You better learn how to kill, and not feel bad about it. And Mazelton had learned that. Even before he set out from Old Radler, he had murdered. He had killed on the dueling sands. He was blooded. He killed that poor delivery person and stole their trike. That had messed him up for a while, but he had forced himself to tolerate it. It had been necessary to survive, and necessity needed no excuse. Or forgiveness.

He frowned. The porridge of his dinner was awfully bland. He dropped a few bits of dried fruit in there. Maybe it would help. Why was he so hung up on the concept of murder tonight? It took him a moment but he got there.

He was going to kill many people tomorrow. Hopefully hundreds, but at the very least, tens. People who were largely strangers to him. Men and women, old and young, not distinguishing the good from the bad. He would trail them, try to stay out of sight, then he would unleash the horror when they camped for the night. Just… turn it loose and see how many bodies it could rack up before it ran out of energy.

The caravan did have a process for adjudicating crimes. He could summon a Congress, present his case, show his wounds and demand that the villains be executed as the contract required.

Mazelton gave himself a mocking smile. He never checked the bodies. He couldn’t even say for sure that they were members of the Collective. He just assumed they were, because who else could they be?

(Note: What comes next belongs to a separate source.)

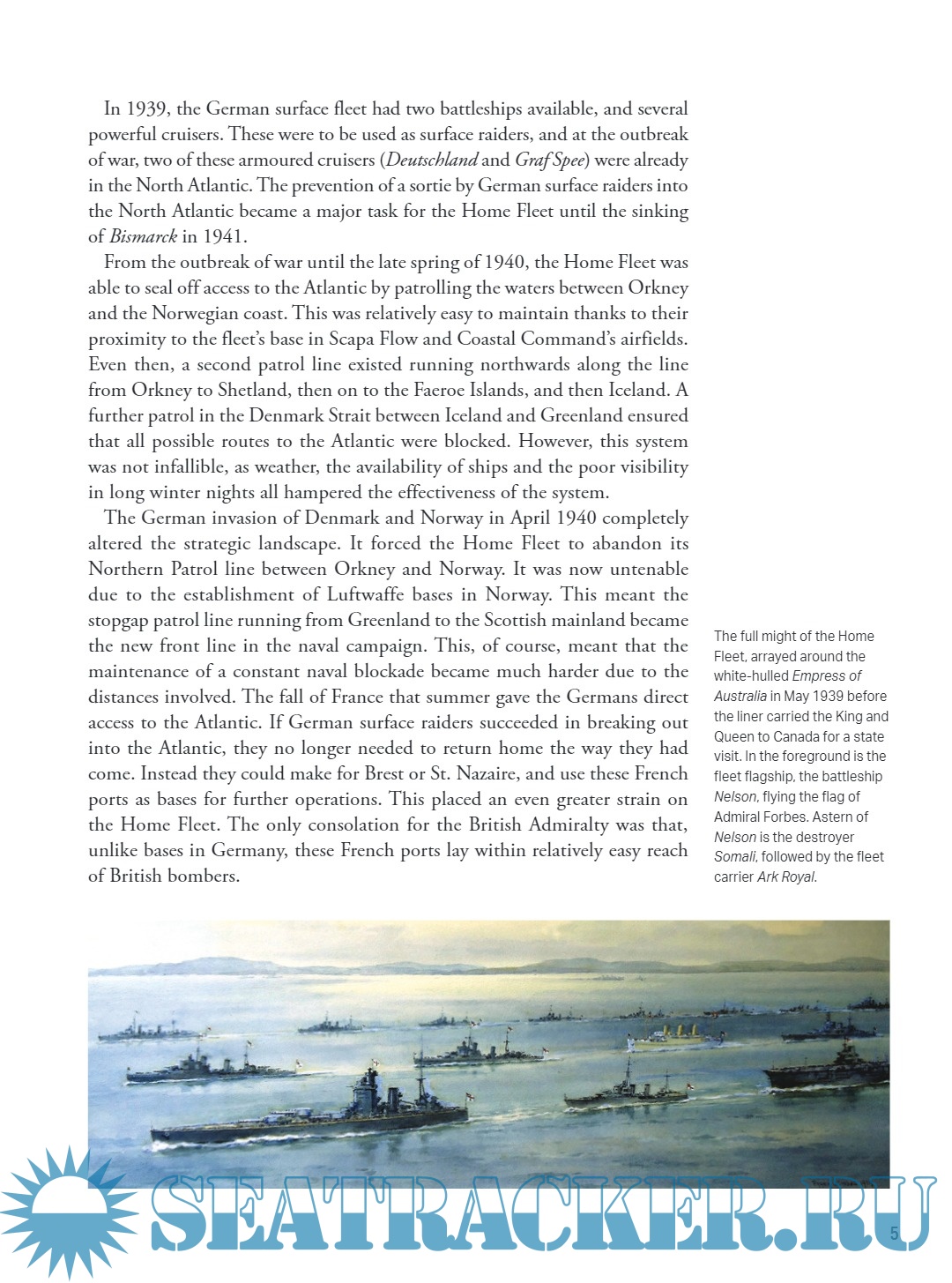 He explains the complex responsibilities of the fleet, charged simultaneously with preventing the powerful German Navy from breaking out into the Atlantic; preparing to challenge any cross-Channel invasion force; and attacking German naval operations in the North Sea. Home Fleet actions included the loss of HMS Hood, the sinking of the Bismarck and countering the invasion of Norway, Germany's biggest amphibious operation of the war.

And he was planning on killing all these people way before he was shot. This was just… a confirmation. Coexistence was impossible. So he had to kill as many as he could, while he could. That’s just how things were. It wasn’t a matter of right or wrong, it was who lives and who dies. He still wanted to live. And he wanted Danae to live, so they could live together. So they could make a home.

The bits of dried fruit helped a bit. The portage warmed him wonderfully. It felt nourishing in an almost spiritual way.

He would murder hundreds of people to ease some of his anxiety. And it wouldn’t even be murder, because as far as he was concerned, they were outside any law’s protection. Perhaps it was just the will of the Great Dusty World.

No. He wasn’t a hypocrite. It was his will and no one else. And if he could, he would eat Mendiluze’s heart.